Otro caso célebre es el de Ana Orentes, que después de años de lucha y denuncias consiguió que finalmente un juez determinara una medida de alejamiento que permitió al marido instalarse en el piso de abajo de la misma vivienda, en cuyo patio acabó por asesinarla.
Por eso, tal como reconocen varios expertos consultados por Público, la eficacia de estas medidas depende de que se realice una correcta valoración del riesgo que corre la víctima y de un análisis exhaustivo caso por caso.
Para Miguel Lorente, exdelegado del Gobierno para la violencia de género, estas medidas no están cortadas todas por el mismo patrón ni una misma actuación sirve para distintos caso. «El efecto disuasorio de esta medida depende mucho del perfil del agresor. A un asesino, lo que menos le importa es que haya una orden de alejamiento, de hecho muchas veces después del crimen se entregan a la policía o se suicidan», comenta. «Antes de imponer una medida de este tipo se tiene que estudiar cuidadosamente a la persona que pone en riesgo la seguridad de la mujer, es decir al posible agresor, porque cada orden debería estar dirigida a un caso concreto y que se apliquen criterios a la medida», añade.
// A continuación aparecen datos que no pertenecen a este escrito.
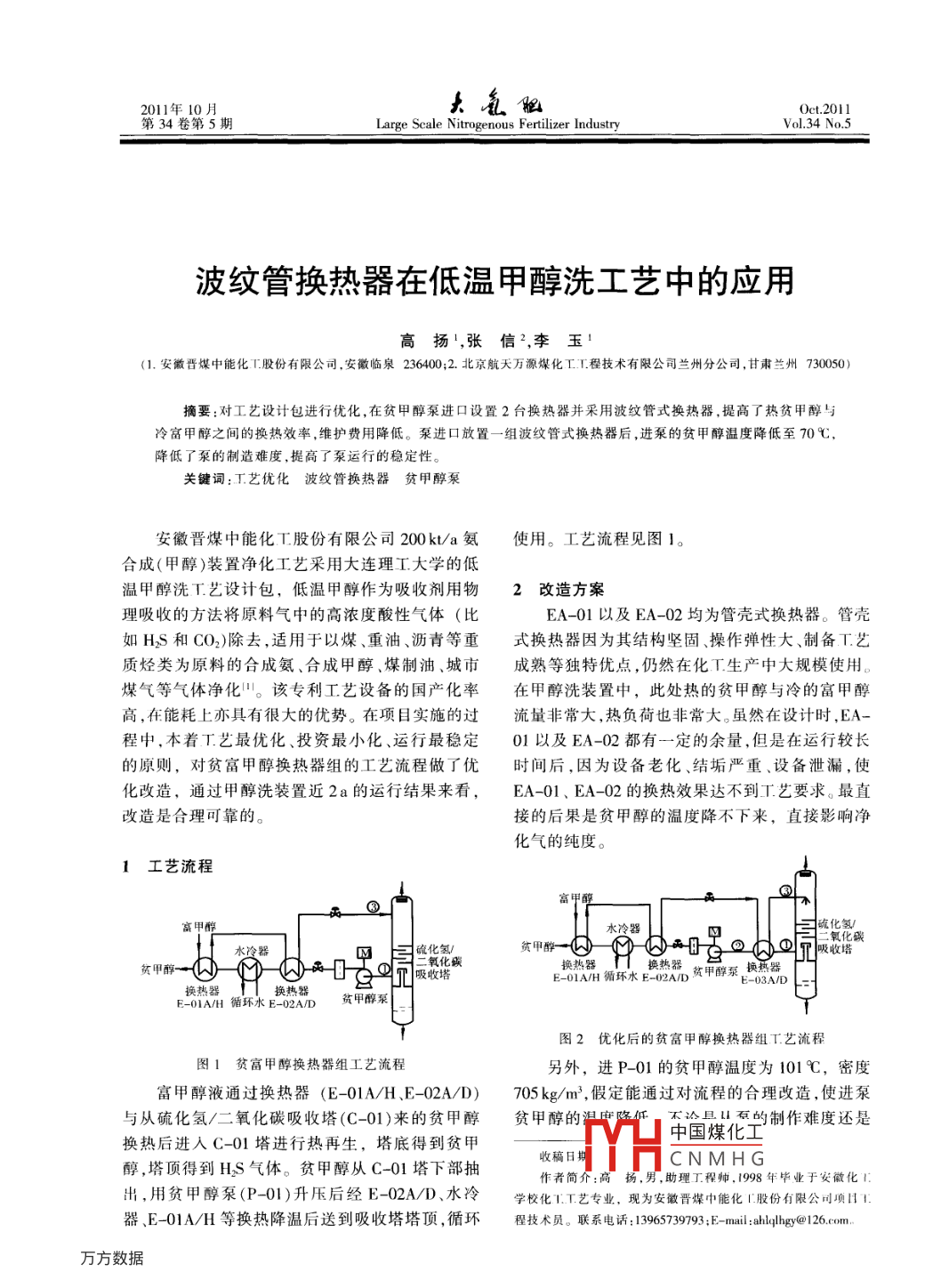波纹管换热器在低温甲醇洗工艺中的应用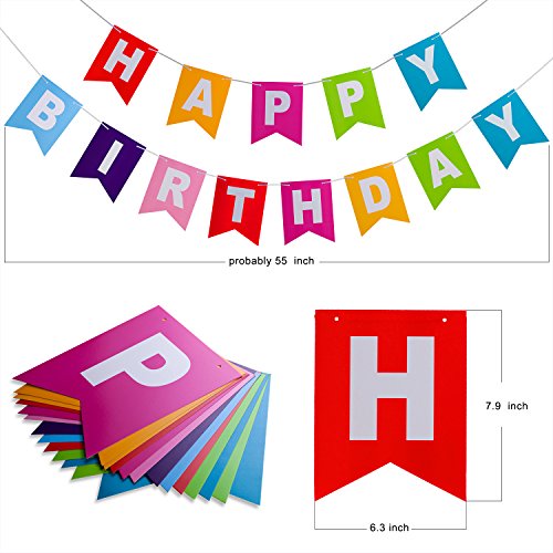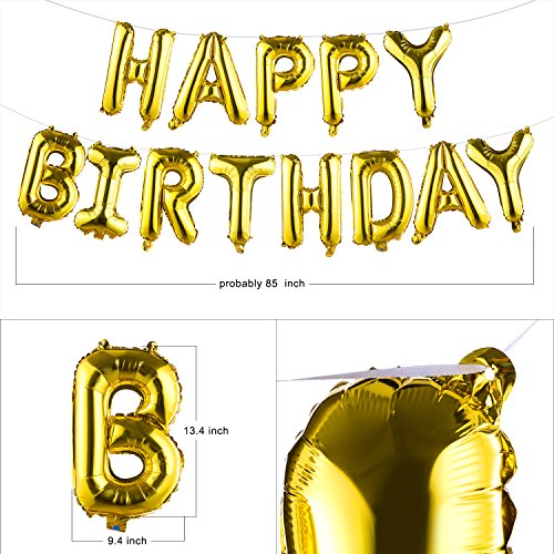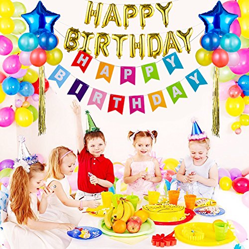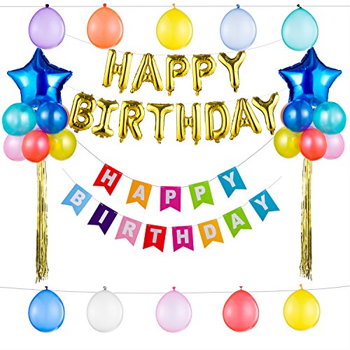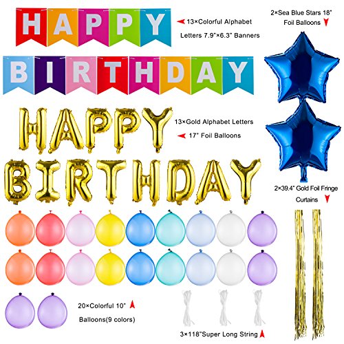 - Birthday Party Decorations Includes 13 Gold Alphabet Letters 17" happy birthday Foil Balloons, 13 Colorful Alphabet Letters 7.9”×6.3” Birthday Flag Banners, 2 Sea Blue Stars 18” Foil Balloons, 20 Colorful 10” Balloons(9 colors), 2×39.4” Gold Foil Fringe Curtains.

Soleto comparte esta opinión. Afirma que «las medidas de seguridad que están asociadas a esa orden de alejamiento no dependen tanto de esta orden en sí, sino del nivel de riesgo que se determine para cada caso. Hay algunas veces que ves órdenes de alejamiento que puedan ser altas. Y cabe preguntarse si a alguien que ha intentado atentar contra la vida de otra persona realmente le bastan 500 metros o un kilómetro de distancia para no volver a hacerlo». Este es, para Soleto la pregunta del millón.
Para varios expertos, es imprescindible mirar la protección de forma integral porque se dan casos en los que se establecen órdenes de alejamiento al mismo tiempo que órdenes de visitas a los hijos, por lo que las propias medidas judiciales operan en contra del establecimiento de estas medidas de protección y obligan a ir a puntos de encuentro en los que se pone en riesgo a una de las partes.
Faltan datos y análisis
No es sencillo conocer el índice de quebrantamiento de las órdenes de alejamiento por violencia machista. La respuesta a una pregunta parlamentaria del Partido Socialista ponía en evidencia el pasado mes de abril que el Gobierno (entonces del Partido Popular) no tenía estadísticas que contabilizaran los quebrantamientos de estas órdenes porque el Registro Central para la protección de las Víctimas de la Violencia Doméstica y de Género no ofrece datos desagregados sobre estos incumplimientos.
«Las causas grabadas por este delito no indican si lo son por el quebrantamiento de una medida cautelar, pena, o porque el condenado se ha fugado de un centro penitenciario. Mucho menos se puede distinguir si el quebrantamiento lo es por una medida civil o penal», indicaba entonces el documento del Gobierno.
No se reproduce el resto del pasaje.